The poetry in this volume covers a gamut of emotions and themes. When the mood strikes Moschetti, his poems have a whimsy similar to that of Shel Silverstein. In “The Invisible Postman,” he views getting nothing in the mail the same way that one experiences getting a letter: “So, I opened this nothing real, real wide / To find there was even less inside / The penmanship was neat and clean / So clean, in fact, it couldn’t be seen.” In “Turkey,” Moschetti describes how the prison menu offered turkey so much that the very idea of the dish makes him ill: “Just the thought of turkey inside / Upon the toilet seat I’d ride.”
When Moschetti gets serious, he produces some of this collection’s most moving poems on faith and salvation. “All Along” opens almost like a prayer: “I pray that God comes near to me / To work His mighty plans / He’s everywhere, I just can’t see / Eyes being that of man’s.”

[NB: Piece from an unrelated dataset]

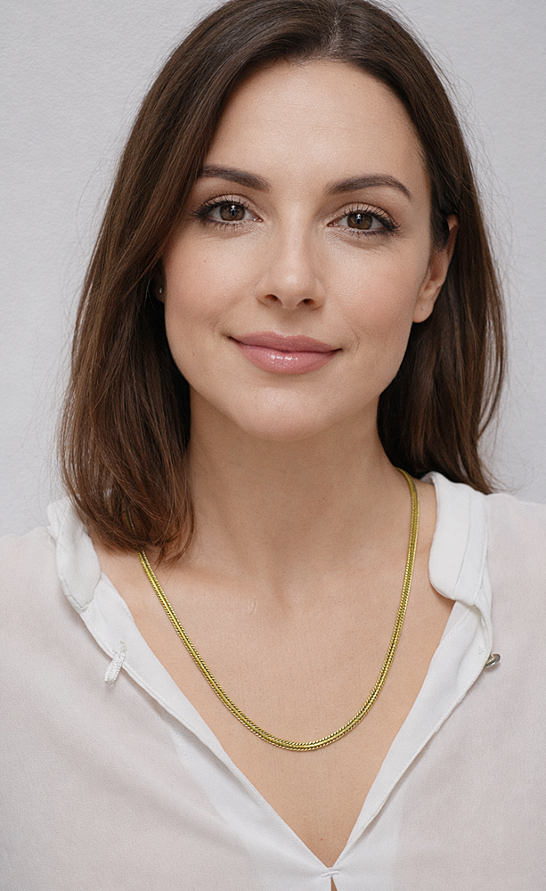 Delikatnie zaokrąglony profil sprawia, że łańcuszek pięknie układa się na szyi i subtelnie odbija światło, podkreślając kobiecą elegancję. Solidne zapięcie typu karabińczyk zapewnia bezpieczeństwo i komfort noszenia na co dzień.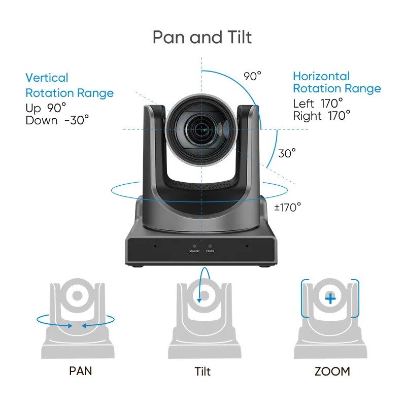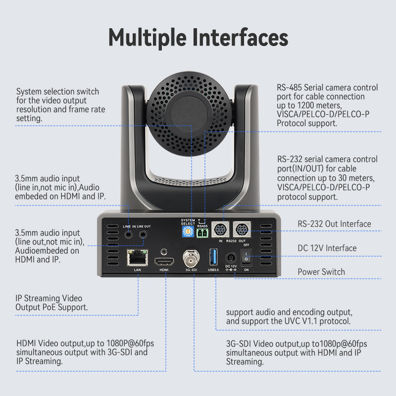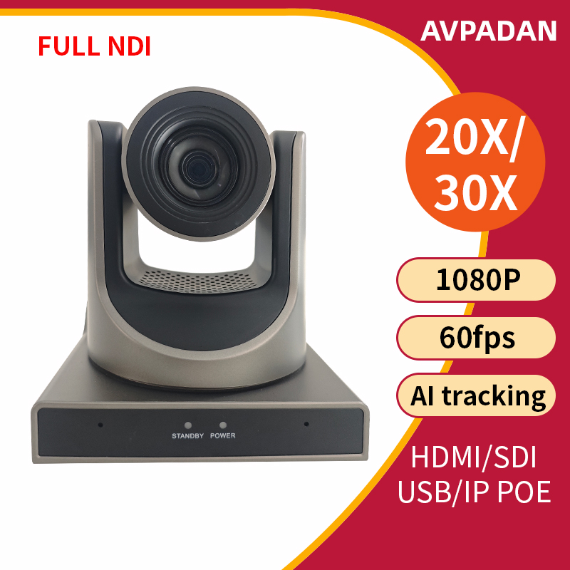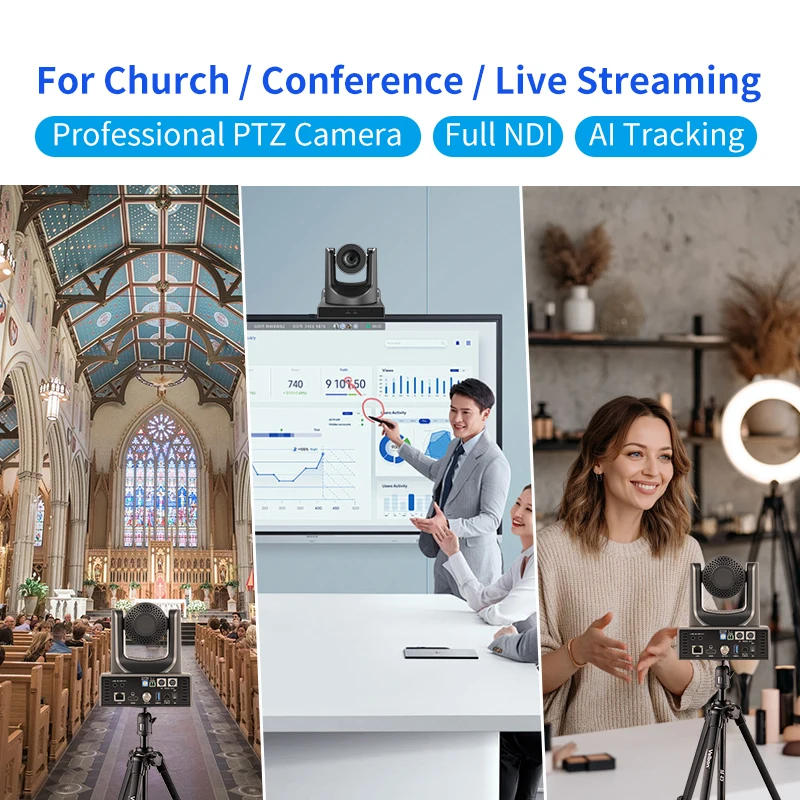 Professional 1080P60 PTZ Camera 20X/30X Zoom | Full NDI AI Tracking | HDMI/SDI for Broadcast & Church Live Streaming Conference

Moschetti’s writing is also strong when he writes about love. In poems like “Between the Lines,” he tenderly reminisces about the times he spent as a child with his mother and father. In other works, such as “Amy Smiles” and “My Perfect Son,” Moschetti writes about how important his children are in his life. But it’s the poems about the woman that he longs to see again, like “Gently,” that really stand out. “Gently she comes / The love that we share / Has me reeling / A glorious feeling,” he writes.
While a few of the love poems may sound similar to others in the book and sometimes the tropes are a bit clichéd, Moschetti’s earnestness makes them feel fresh enough that it’s forgivable.
This volume will be enjoyed by anyone who likes uplifting poems, but to look at Heart of the Prisoner as only a collection of poems would be an oversight. Moschetti’s book tells the story of a man’s journey through one of life’s darkest experiences and how holding on to his love, faith, and hope enabled him to come out on the other side as a stronger and better person.